Detroit (10-6) at San Antonio (9-7) Preview
Game info: 8:30 pm EST Tue Dec 2, 2008
TV: Away: FSN-Detroit Home: My35
By Justin Einhorn
Because they haven’t been to the NBA finals since 2005 when they lost to the San Antonio Spurs, the Detroit Pistons have made some big changes. They don’t seem to be working.
While the core of the Pistons appears troubled, the Spurs only recently got theirs intact going into the teams’ matchup on Tuesday in San Antonio.
Since the Spurs beat them to win the 2004-05 championship, the Pistons have switched coaches twice, let Ben Wallace go and last month, traded Chauncey Billups to Denver to get Allen Iverson.
Detroit (10-6) has only managed to split its 12 games since Iverson joined the team, and he caused a distraction by skipping Thanksgiving practice. That incident prompted coach Michael Curry, in his first season replacing the fired Flip Saunders, to keep Iverson out of the starting lineup for the next game and the star guard was fined.
Now Iverson may be unhappy with his playing time, and he might not be the only Detroit player feeling that way.
Iverson has averaged less than 31 minutes and 13.4 points over the last five games. Those numbers are more than 10 minutes and 14 points below his career averages.

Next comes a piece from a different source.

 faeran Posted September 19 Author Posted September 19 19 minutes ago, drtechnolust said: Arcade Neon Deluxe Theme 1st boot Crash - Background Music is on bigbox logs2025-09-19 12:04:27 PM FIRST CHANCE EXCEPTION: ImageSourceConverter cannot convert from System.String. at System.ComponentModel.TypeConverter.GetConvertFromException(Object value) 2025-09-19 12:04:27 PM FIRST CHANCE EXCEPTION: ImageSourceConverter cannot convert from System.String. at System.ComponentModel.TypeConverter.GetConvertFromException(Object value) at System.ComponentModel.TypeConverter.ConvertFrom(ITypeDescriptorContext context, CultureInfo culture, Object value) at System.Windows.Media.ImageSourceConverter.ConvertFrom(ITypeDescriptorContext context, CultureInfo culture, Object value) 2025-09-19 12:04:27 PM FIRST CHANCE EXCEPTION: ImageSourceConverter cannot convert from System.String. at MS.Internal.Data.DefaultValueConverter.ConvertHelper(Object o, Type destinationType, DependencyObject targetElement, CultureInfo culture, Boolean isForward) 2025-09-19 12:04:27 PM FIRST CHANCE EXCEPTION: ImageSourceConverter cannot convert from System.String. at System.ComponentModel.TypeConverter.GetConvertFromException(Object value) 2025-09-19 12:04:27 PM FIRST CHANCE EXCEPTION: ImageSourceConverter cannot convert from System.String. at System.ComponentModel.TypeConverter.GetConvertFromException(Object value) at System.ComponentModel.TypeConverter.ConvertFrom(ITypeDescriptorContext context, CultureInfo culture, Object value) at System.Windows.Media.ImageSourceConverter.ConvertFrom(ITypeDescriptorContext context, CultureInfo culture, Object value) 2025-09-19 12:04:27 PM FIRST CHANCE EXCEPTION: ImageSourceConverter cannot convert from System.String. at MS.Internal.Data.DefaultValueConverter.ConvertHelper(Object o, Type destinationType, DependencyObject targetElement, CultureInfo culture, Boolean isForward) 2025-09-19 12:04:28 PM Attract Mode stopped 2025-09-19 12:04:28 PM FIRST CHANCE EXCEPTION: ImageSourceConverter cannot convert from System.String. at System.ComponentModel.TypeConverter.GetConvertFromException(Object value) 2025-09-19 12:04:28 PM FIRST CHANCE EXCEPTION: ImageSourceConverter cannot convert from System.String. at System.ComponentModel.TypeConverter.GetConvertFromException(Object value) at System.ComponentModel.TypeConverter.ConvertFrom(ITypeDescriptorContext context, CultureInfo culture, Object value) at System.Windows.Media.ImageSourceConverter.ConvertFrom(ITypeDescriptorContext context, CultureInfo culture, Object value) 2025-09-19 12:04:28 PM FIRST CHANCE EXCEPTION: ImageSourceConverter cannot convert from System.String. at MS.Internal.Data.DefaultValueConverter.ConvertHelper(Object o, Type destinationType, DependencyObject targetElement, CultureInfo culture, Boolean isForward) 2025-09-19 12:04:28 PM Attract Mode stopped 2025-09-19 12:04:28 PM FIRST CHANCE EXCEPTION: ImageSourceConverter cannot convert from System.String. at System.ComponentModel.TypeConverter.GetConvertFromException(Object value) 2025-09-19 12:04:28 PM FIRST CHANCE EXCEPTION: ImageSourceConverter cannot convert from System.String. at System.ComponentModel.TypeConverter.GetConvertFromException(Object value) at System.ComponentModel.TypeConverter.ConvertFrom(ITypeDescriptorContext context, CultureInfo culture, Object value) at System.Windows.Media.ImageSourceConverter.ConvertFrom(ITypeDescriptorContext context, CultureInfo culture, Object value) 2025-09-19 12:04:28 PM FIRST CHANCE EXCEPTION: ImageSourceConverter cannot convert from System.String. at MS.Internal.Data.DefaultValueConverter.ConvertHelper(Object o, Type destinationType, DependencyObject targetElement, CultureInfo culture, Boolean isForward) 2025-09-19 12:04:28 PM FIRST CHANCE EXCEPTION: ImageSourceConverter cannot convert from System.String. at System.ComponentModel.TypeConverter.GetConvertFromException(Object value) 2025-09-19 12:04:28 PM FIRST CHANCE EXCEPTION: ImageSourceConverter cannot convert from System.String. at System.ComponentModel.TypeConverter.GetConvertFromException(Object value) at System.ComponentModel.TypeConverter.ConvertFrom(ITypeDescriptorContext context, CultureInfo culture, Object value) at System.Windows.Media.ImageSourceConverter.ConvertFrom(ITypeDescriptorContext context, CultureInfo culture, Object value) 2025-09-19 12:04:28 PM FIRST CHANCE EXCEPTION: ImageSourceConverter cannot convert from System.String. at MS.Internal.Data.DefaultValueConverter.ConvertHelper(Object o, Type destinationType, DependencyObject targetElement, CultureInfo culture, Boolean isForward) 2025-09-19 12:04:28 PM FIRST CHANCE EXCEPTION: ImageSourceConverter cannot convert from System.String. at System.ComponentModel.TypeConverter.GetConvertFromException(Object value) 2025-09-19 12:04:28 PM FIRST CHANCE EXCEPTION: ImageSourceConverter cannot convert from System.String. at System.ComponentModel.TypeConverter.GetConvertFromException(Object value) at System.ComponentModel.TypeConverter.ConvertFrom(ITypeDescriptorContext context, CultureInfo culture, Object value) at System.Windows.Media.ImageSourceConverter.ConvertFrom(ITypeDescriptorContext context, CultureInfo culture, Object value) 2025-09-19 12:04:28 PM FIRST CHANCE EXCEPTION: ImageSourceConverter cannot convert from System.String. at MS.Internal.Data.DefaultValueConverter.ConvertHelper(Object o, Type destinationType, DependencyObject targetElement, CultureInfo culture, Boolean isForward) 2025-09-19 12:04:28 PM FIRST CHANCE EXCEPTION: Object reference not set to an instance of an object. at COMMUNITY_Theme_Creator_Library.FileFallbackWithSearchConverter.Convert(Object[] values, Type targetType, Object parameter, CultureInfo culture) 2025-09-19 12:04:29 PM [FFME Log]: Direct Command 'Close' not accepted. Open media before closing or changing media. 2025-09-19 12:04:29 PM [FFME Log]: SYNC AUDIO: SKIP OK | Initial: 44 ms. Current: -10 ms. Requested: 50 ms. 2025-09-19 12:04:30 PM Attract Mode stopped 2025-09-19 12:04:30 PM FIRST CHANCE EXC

“I’m sitting more right now than I ever have in my career, and my rhythm isn’t there,” said Iverson, shooting 33.9 percent from the field in his last five games. “I’m missing shots that I normally knock down 110 percent of the time, and that’s all on me.”
Tayshaun Prince, meanwhile, was benched for the fourth quarter and played less than 23 minutes Sunday in a 96-85 home loss to Portland. The Pistons were outscored by 23 points when he was on the floor.

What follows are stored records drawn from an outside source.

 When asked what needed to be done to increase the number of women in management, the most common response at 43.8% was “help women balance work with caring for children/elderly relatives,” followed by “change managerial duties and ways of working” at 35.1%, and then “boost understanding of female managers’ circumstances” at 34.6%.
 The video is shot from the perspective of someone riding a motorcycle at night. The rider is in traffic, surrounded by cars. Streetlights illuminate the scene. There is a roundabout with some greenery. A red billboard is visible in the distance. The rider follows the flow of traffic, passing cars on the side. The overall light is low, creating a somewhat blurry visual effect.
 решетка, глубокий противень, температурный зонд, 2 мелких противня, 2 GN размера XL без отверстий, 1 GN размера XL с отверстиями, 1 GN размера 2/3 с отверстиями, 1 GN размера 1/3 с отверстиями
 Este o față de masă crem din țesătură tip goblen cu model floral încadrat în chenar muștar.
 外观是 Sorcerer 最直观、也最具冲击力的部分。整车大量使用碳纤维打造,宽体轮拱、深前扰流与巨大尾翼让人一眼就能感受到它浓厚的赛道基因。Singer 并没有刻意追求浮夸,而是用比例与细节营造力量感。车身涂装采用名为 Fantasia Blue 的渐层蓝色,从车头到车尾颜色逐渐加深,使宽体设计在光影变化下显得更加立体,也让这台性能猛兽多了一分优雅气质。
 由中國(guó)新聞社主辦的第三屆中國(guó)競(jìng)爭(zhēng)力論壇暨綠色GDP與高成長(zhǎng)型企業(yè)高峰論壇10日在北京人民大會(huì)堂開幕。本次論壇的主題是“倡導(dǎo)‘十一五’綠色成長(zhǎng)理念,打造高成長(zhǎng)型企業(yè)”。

“He just wasn’t playing well,” Curry said of Prince, who had played at least 30 minutes in every other game.
Prince was not happy to hear about Curry’s comment, according to what he told the team’s official Web site.
“I thought I was playing pretty good, if you ask me,” said Prince, who was held to 10 points for the second straight game.
“I don’t know what’s going on. Hopefully, (coaches) could have said something after the game and let us know what was going on. They didn’t do it, so I don’t know.”
While Prince has been one of the mainstays who’s helped Detroit reach six straight Eastern Conference finals, the key figures who led the Spurs to three NBA championships during that same span hadn’t all played together this season until last week.
Though Tim Duncan has been healthy all season, Manu Ginobili had been out following offseason ankle surgery until returning last Monday and Tony Parker missed nine games with a sprained ankle before coming back Friday.
Ginobili and Parker may need to step it up offensively because Duncan has been a bit off, averaging 15.5 points and 9.7 rebounds in the last six games while shooting 42.5 percent from the field.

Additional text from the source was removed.